Meski usia perempuan mencari nafkah telah berubah, namun ada anggapan bahwa suamilah yang mencari nafkah.
“Pendapat suami untuk mencari nafkah, istri di rumah mengurus anak dan keluarga, rasanya istri tidak bisa mencari nafkah” misalnya Ika.
Lalu, ketika seorang wanita meninggalkan suatu hubungan karena masalah keuangan, ada banyak hal yang perlu dipertimbangkan. “Dalam benak korban KDRT, jika terjadi perpisahan, lalu siapa yang membiayai anak-anaknya?”
Ika juga menjelaskan, alasan lain mereka bertahan adalah urusan internal korban KDRT. Seseorang yang sejak kecil sudah terbiasa melihat ayah dan ibu berkelahi dan saling pukul, menganggap seperti itulah pernikahan.
“Laki-laki yang sejak kecil sudah terbiasa melihat ayah dan ibunya bertengkar, menganggap itulah hakikat sebuah pernikahan,” kata Ika kepada Health Liputan 6.com melalui telepon.
Alasan lain mengapa seseorang tetap bertahan dalam pernikahan yang penuh kekerasan dalam keluarga adalah karena dia tidak ingin kehilangan seseorang yang dia cintai atau sayangi seperti suaminya.
“Sampai saat ini korban belum pernah bertemu dengan orang yang dicintai atau setidaknya disukai sebagai pasangan, sehingga korban tidak mau kehilangan. Korban ini sangat terikat dengan pasangannya,” ujarnya. Persamaan
Oleh karena itu, bagi korban KDRT, banyak hal yang tidak mungkin bisa ditinggalkan oleh pasangan yang mau menerima.
“Dia tidak bisa menyerah pada hal sesederhana itu. Baginya, pria ini membuatnya bahagia,” kata Ika.
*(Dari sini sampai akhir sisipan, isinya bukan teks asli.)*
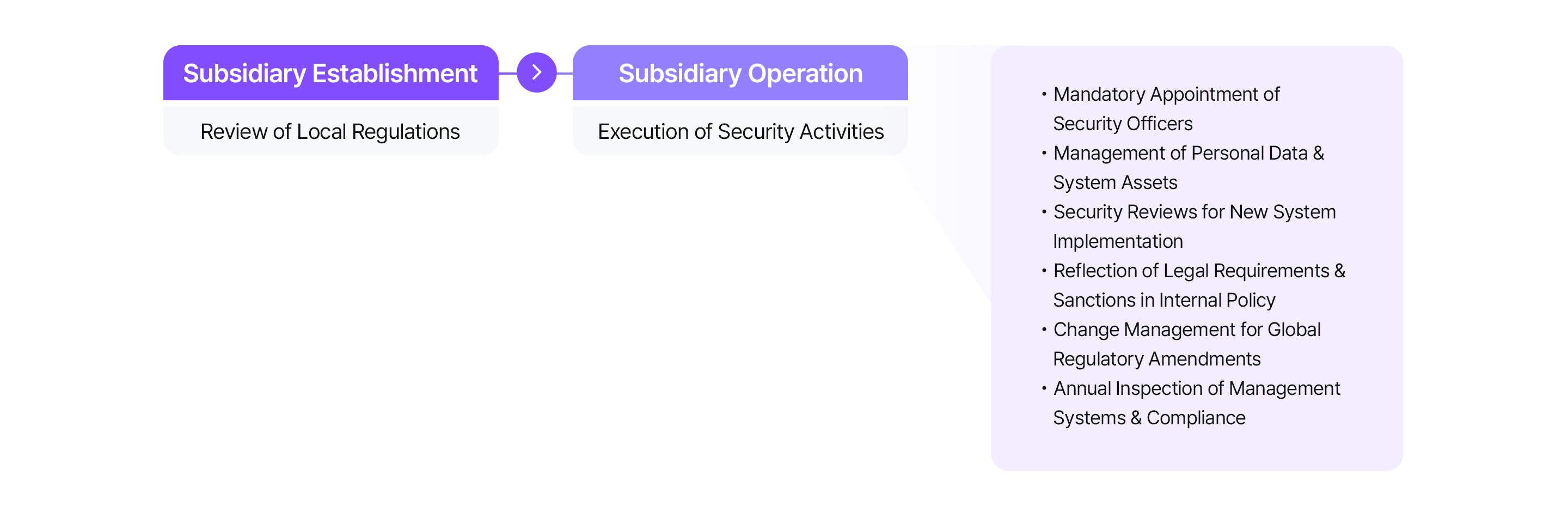 LG CNS manages global security for its overseas subsidiaries from their establishment through to their operation. We comply with global security regulations such as the EU General Data Protection Regulation (GDPR) and Vietnam’s Personal Data Protection Law, and works closely with its overseas subsidiaries to respond proactively to global security threats.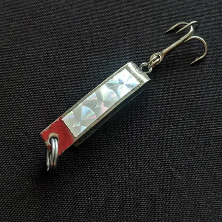 Stamped clearly on the reverse side with "PAT. NO. 2719378," the nickel body of this South Bend Super-Duper 501 demonstrates a unique hybrid design. Weighing 3/32oz (2.3g) and measuring 1 1/4" (3 cm), the lure utilizes a distinctive folded metal geometry that combines the properties of a spinner and a spoon. This specimen, identified by product code 20084, features a strip of multi-faceted prism tape and a localized red paint accent near the forward split ring. The hardware consists of original split rings and a treble hook, all appearing in 5/5 condition with the plating remaining bright and reflective across both surfaces. The compact profile is designed for light-line angling, where the varied surfaces are intended to catch and reflect light during retrieval.

Ibu Ratna Susianawati, Deputi Perlindungan Hak Perempuan, Kementerian Pemberdayaan Perempuan dan Perlindungan Anak, meminta para korban untuk berani melaporkan kasus kekerasan tanpa takut dikucilkan oleh masyarakat.
Ratna pun memuji keberanian mantan atlet itu angkat bicara soal pelecehan yang dilakukan suaminya.
“Kita tidak bisa lagi menoleransi kekerasan terhadap perempuan dan anak sebagai kelompok rentan. Ratna mengatakan dalam jumpa pers, Rabu (14/8/2024) “Apalagi kekerasan ini dilakukan di tempat yang seharusnya sangat damai dan dilakukan oleh orang-orang dekat korban.”
“Korban harus berani bersuara agar haknya terpenuhi dan pelaku dihukum sesuai peraturan perundang-undangan. Sebaliknya, kita sebagai masyarakat dan pemerintah harus memberikan dukungan dan layanan yang mengutamakan kepentingan para korban, kata Ratna di Jakarta.